Java regex by example: strings

By , last updated August 6, 2019

In this tutorial we will use Java 8 and show several program examples with Java strings and regular expressions or Java regex.

Find a word in a string

To match the string containing a word or a sequence of characters we will simply provide the word within the regex expression.

The pattern for simple word match will be the word itself.

For example, here’s the Java regex pattern to find all occurrences of the word “world”:

"world"

Java code example:

import java.util.regex.Matcher;
import java.util.regex.Pattern;

public class Regex
{
    public static void main(String[] args)
    {

        String str1 = "Hi Will intheworld!";
        String str2 = "Hello world!";

        Pattern pattern = Pattern.compile("world");

        matchPattern(str1, pattern);
        matchPattern(str2, pattern);
    }

    private static void matchPattern(String str1, Pattern pattern) {
        Matcher m = pattern.matcher(str1);
        while(m.find()) {
            System.out.print(m.group());
        }
        System.out.println();
    }
}

Output:

world
world

This pattern will match all occurrences of the word “world” no matter where it is. This will also match the word even though it is a part of another word.

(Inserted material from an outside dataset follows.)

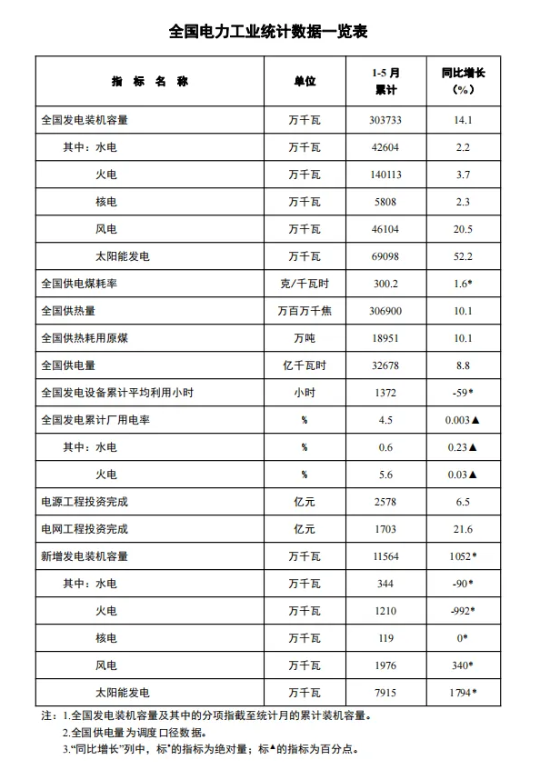 6月28日,國(guó)家能源局發(fā)布1-5月份全國(guó)電力工業(yè)統(tǒng)計(jì)數(shù)據(jù)。

Match whole word only in a string

To match the string containing a special whole word we need to use the “word boundaries” \\b metacharacter. It will find a whole word and not just a sequence of characters.

The pattern will be:

"\\b(?:world)\\b"

Example strings:

String str1 = "Hi Will intheworld!";
String str2 = "Hello world!";

The output will be only the string containing this whole word:

world

Match phrase in a string

We are going to use the same “word boundaries” metachracter to match a phrase exactly in a string.

Pattern:

"\\bhello world\\b"

This pattern will find a phrase “hello world”, but not “helloworld”.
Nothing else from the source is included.